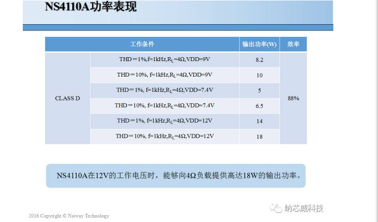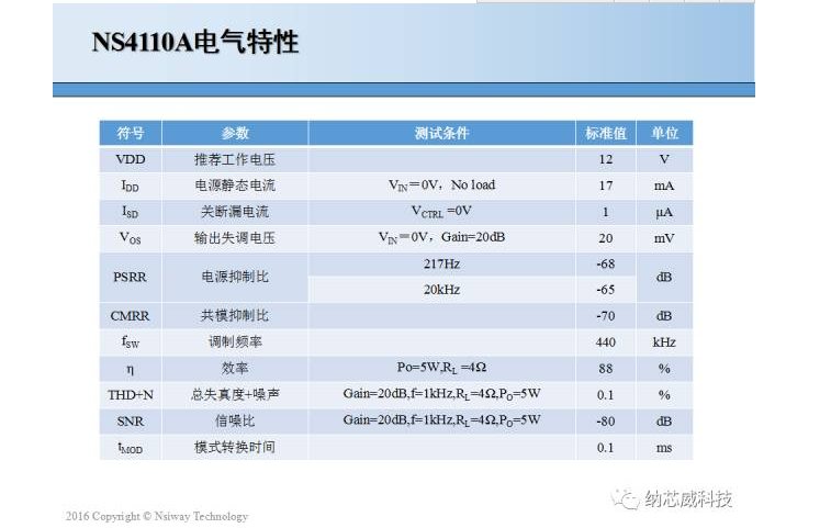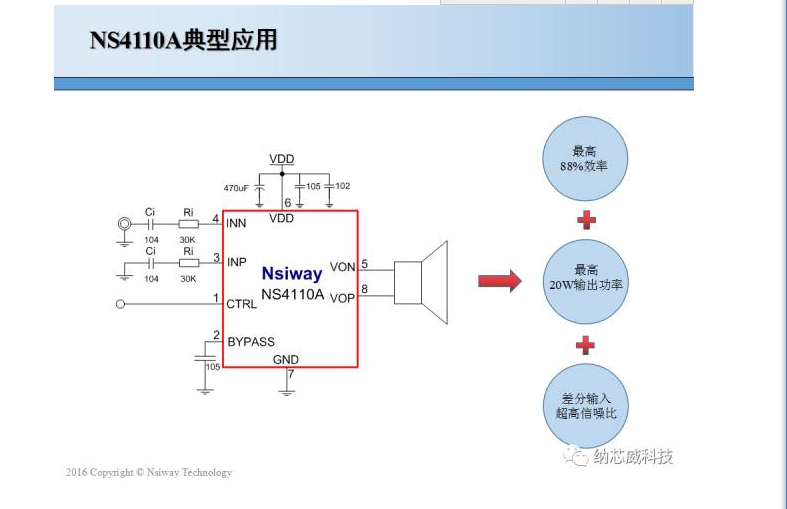 納芯威科技全新推出20W單聲道D類音頻功放NS4110A。NS4110A是一款差分輸入,超低EMI,無需濾波器,20W單聲道D類音頻功率放大器。通過高低電平控制芯片開啟與關(guān)斷,當(dāng)高電平時(shí)芯片進(jìn)入D類工作模式,低電平時(shí)芯片關(guān)斷,應(yīng)用靈活方便。NS4110A 采用先進(jìn)的技術(shù),在全帶寬范圍內(nèi)極大地降低了 EMI 干擾,最大限度地減少了對(duì)其他外部元件的影響。其輸出無需濾波器的 PWM 調(diào)制結(jié)構(gòu)減少了外部元件、PCB面積和系統(tǒng)成本。NS4110A在12V的工作電壓時(shí),能夠向4?負(fù)載提供高達(dá)18W的輸出功率,88%以上的效率更加適合便攜式音頻系統(tǒng)。
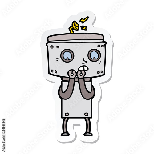 Fototapeta premium sticker of a nervous cartoon robot
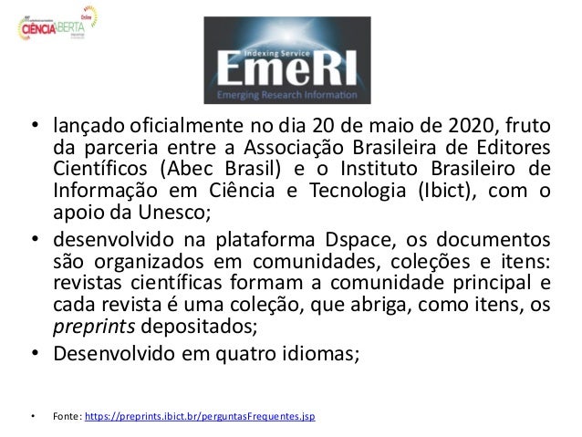 Apresentação realizada na 11ª ConfOA, de 06 a 08 de outubro de 2020, em formato virtual.
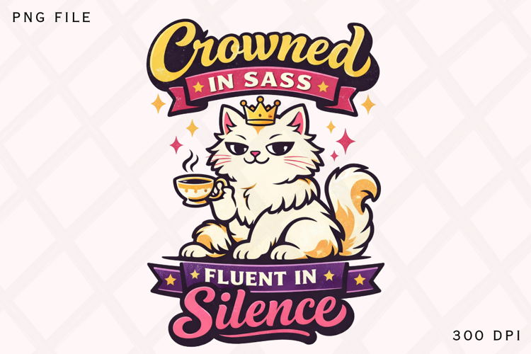 Crowned in Sass Fluent in Silence Funny Cat PNG Design
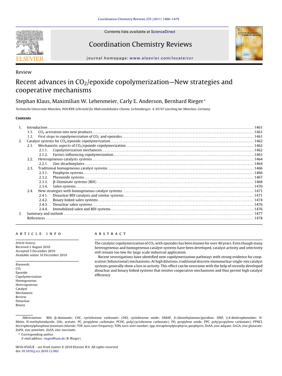 在这次审查的最后部分,概述了最新的进展和新的战略,以规避传统催化剂系统发现的问题。 这里的重点在于开发新的双核和二元连接的催化剂体系,其能够启动CO2 /环氧化物共聚合作用的机理。 此外,综述了固定均匀体系在基体上的策略。为了方便比较不同的催化体系,生产率以摩尔/摩尔的翻转数(TON)和作为翻转频率(TOF )在TONh-1。 在相关的情况下,给出了共聚的选择性和生成的聚合物的相应质量。

◆ Work required
Without the pictures, repeat the listing word for word.

◆ Final answer
 納芯威科技全新推出20W單聲道D類音頻功放NS4110A。NS4110A是一款差分輸入,超低EMI,無需濾波器,20W單聲道D類音頻功率放大器。通過高低電平控制芯片開啟與關(guān)斷,當(dāng)高電平時(shí)芯片進(jìn)入D類工作模式,低電平時(shí)芯片關(guān)斷,應(yīng)用靈活方便。NS4110A 采用先進(jìn)的技術(shù),在全帶寬范圍內(nèi)極大地降低了 EMI 干擾,最大限度地減少了對(duì)其他外部元件的影響。其輸出無需濾波器的 PWM 調(diào)制結(jié)構(gòu)減少了外部元件、PCB面積和系統(tǒng)成本。NS4110A在12V的工作電壓時(shí),能夠向4?負(fù)載提供高達(dá)18W的輸出功率,88%以上的效率更加適合便攜式音頻系統(tǒng)。
 Fototapeta premium sticker of a nervous cartoon robot
 Apresentação realizada na 11ª ConfOA, de 06 a 08 de outubro de 2020, em formato virtual.
 Crowned in Sass Fluent in Silence Funny Cat PNG Design
 在这次审查的最后部分,概述了最新的进展和新的战略,以规避传统催化剂系统发现的问题。 这里的重点在于开发新的双核和二元连接的催化剂体系,其能够启动CO2 /环氧化物共聚合作用的机理。 此外,综述了固定均匀体系在基体上的策略。为了方便比较不同的催化体系,生产率以摩尔/摩尔的翻转数(TON)和作为翻转频率(TOF )在TONh-1。 在相关的情况下,给出了共聚的选择性和生成的聚合物的相应质量。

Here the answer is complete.